Specializes in Case mgmt., rehab, (CRRN), LTC & psych.
Did any of you apply to nursing school thinking you'd know what you would be dealing with and then find out it was not all like you thought?
I attended school hoping to end up in LTC with little old ladies and elderly men. I did end up in LTC, but many of the 'residents' were significantly younger than what I envisioned.

I left LTC in 2012. A significant percentage of my residents were sick, middle-aged Baby Boomers who were worn down and disabled from noncompliance and hard living. A few were young (20s and 30s) and ended up in LTC due to psychiatric issues and/or hard living.

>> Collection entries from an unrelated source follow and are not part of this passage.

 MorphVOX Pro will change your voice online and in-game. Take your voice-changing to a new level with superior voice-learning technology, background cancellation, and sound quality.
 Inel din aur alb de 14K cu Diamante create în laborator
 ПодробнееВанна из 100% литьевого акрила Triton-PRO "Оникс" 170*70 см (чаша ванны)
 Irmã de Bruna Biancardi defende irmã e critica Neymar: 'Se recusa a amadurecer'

My youngest resident was a heroin-addicted 28-year-old mother of two young children who got admitted to the LTC to receive IV antibiotics every four hours to treat enfective endocarditis secondary to slamming dope cooked with tap water into her veins.

I'm not sure I quite understand what you are asking, but one thing that has changed since I've been a nurse is the use of an ER as a primary care doctor. And yes, much less blue haired ladies. They are in and out now.

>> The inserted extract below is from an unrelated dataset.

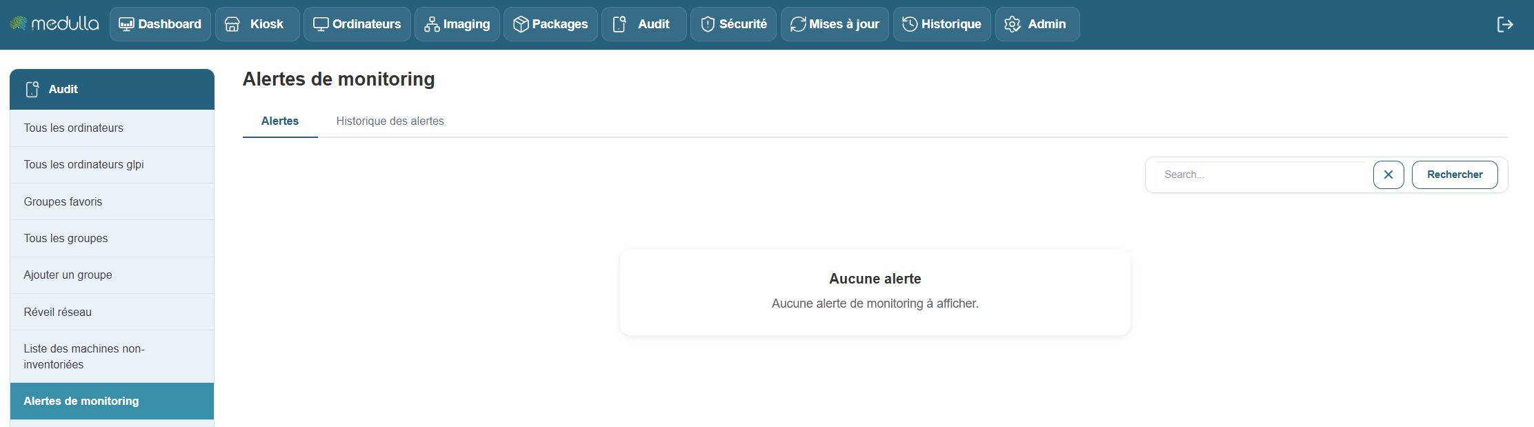 Cette section centralise toutes les alertes générées par les machines surveillées dans votre environnement Medulla. Elle vous permet de suivre, en temps réel ou en différé, les incidents matériels ou logiciels détectés par les agents de supervision déployés sur vos machines.

(Now working as high school RN.)

Specializes in Orthopedic, LTC, STR, Med-Surg, Tele.

I think a lot of the drug-seeking, coffee-demanding belligerent patients and family members a lot of us complain about (*looks in mirror* GUILTY) can be chalked up to venting. I think a lot of the nurses on here would say that they can't really describe their workday or their patients to someone who isn't a nurse and doesn't get it, myself included. So thus you see a lot of venting posts because it's easy to vent to a group of anonymous colleagues who are in pretty much the same boat and can empathize.

So when I was in nursing school I didn't really envision what kind of patients I'd be taking care of, but more the kind of qualities that I wanted to have a nurse - knowledgeable, compassionate, level-headed, not-easily-fazed. I don't know if that really answers your question, but I hope I didn't come across as snarky in my last post. I guess it's all a matter of perspective?